Высказывалось предположение, что доминирующей характеристикой древних японцев было отсутствие чувства греха. Я бы сказал, что вернее было бы сказать, что их не беспокоила Проблема Зла. Но чувства греха им, безусловно, не недоставало. Ад зиял перед ними постоянно; не какая-то деликатно японизированная разновидность, а настоящий дантовский инферно, жестоко изображенный не только на стенах монастырей, но даже среди веселой элегантности Дворца. Период, когда Сэй-Сёнагон писала свою книгу, соответствовал времени всеобщей паники по поводу Жизни Будущей. В 985 году появились «Основы спасения» («Одзё ёсю») Эсин Содзу с их жутким евангелизмом, который достиг кульминации в великих демократических «пробуждениях» Хонэна Сёнина в XII веке и Синрана в XIII веке.
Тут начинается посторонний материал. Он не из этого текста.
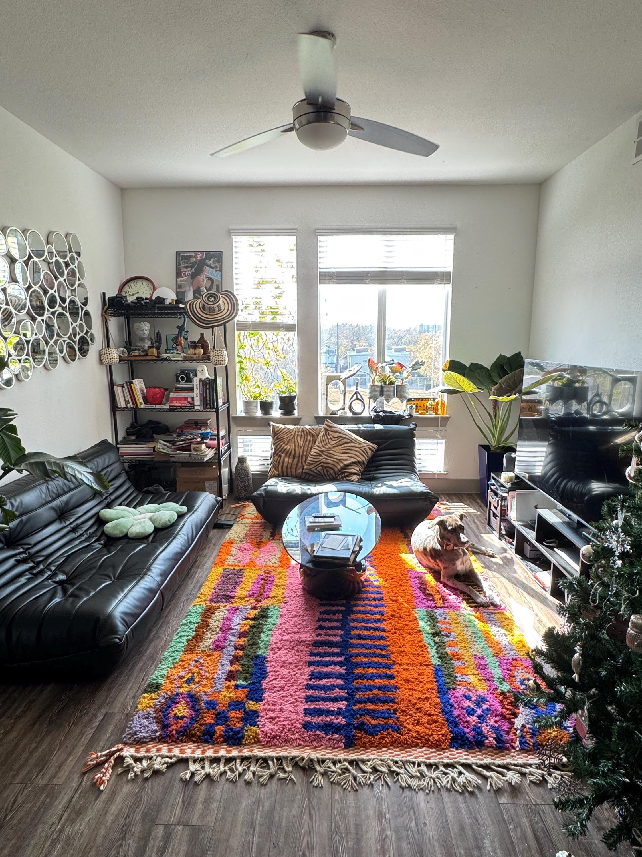 This is such a beautifully made rug and I’m so happy I purchased!! I HIGHLY recommend this shop to purchase your new rug. It’s such a great statement piece, gets a ton of compliments, and the quality is insanely good!! The seller was amazing at communicating shipping details. I even messaged them if they could wait on shipping and hold onto my rug till I got back home from vacation and they gladly did so. I’m so happy with my new rug!! 😍

И если миссия Эсина ознаменовала начало новой фазы в японской религии, то в то же время она была связана с политическими противотечениями, которые в конечном итоге разрушили цивилизацию Хэйана.

Среди аристократических последователей Эсина наиболее важные были выходцами не из доминирующей семьи Фудзивара, а из ее соперников, Тайра и Минамото. Одним из его самых влиятельных последователей был Тайра-но Корэмоти, беззаконный персонаж, возможно, прототип Таю (хвастливого поклонника Тамакацуры) из третьего тома «Гэндзи» Мурасаки. У Корэмоти был спор с одним из Фудзивара из-за земельного участка, и, не сумев выиграть дело, он устроил засаду и убил своего соперника. Последствия этого убийства, совершенного с полной безнаказанностью, были далеко идущими. Веками Фудзивара были окружены ореолом таинственного престижа. Феоды, титулы, государственные должности — все, казалось, принадлежало им по какому-то незыблемому указу, и каждое новое притязание встречало лишь суеверное согласие. Но теперь обнаружилось, к всеобщему изумлению, что даже Фудзивара может смяться от прикосновения стали, «перевернуться, как вол, и исчезнуть неотомщенным». Эти события произошли на крайнем севере главного острова. Здесь, как и во всех пограничных провинциях, власть Фудзивара начала слабеть. Великая борьба началась в начале XII века; но когда она пришла, это был спор не между цивилизацией и варварством — ибо изнеженное и декадентское общество Хэйана исчезло при первом же дуновении конфликта, — а между длинной чередой соперничающих вояк и диктаторов. И с приходом крепкого милитаризма старое отношение к религии, наполовину детское, наполовину циничное, уступило место, с одной стороны, интенсивной крестьянской вере Хонэна, а с другой — страстному мистицизму пьес Но.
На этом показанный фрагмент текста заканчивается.